SOURCE DATA —
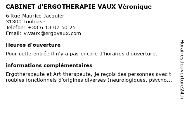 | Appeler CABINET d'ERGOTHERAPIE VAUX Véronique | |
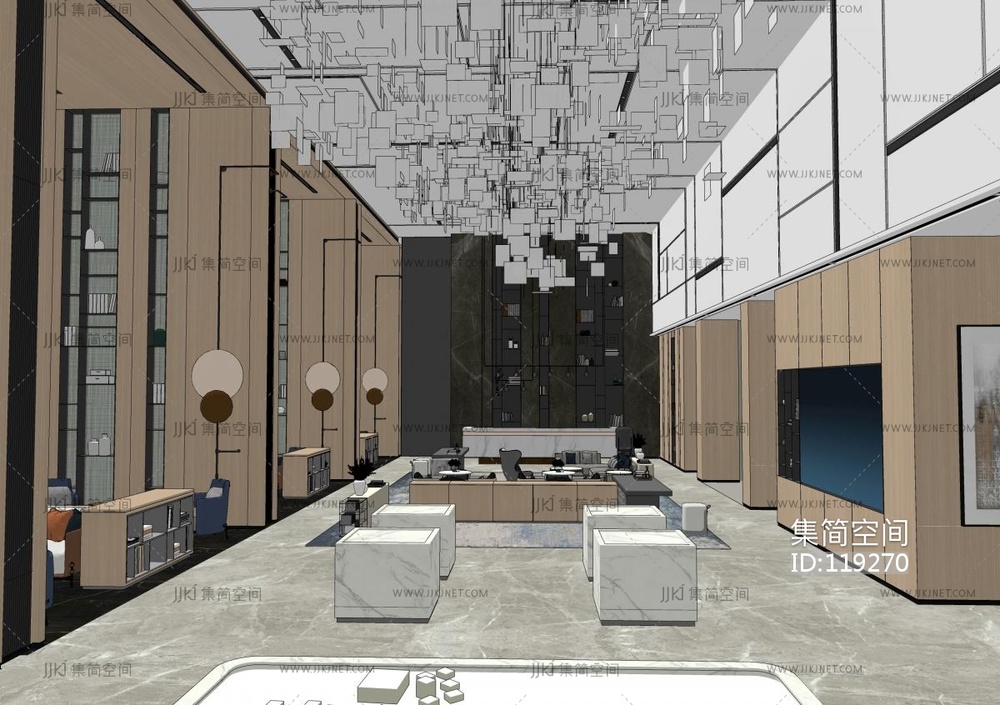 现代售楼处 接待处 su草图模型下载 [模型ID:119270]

...

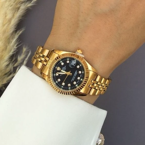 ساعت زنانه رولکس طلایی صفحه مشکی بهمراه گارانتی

ACTIVITY — Reproduce the lines above starting at the one with "Véronique | |" and ending at the one with "现代售楼处 接待处 su草图模型下载 [模型ID:119270]", both included, exactly and with no pictures.

YOUR RESPONSE —
 | Appeler CABINET d'ERGOTHERAPIE VAUX Véronique | |
 现代售楼处 接待处 su草图模型下载 [模型ID:119270]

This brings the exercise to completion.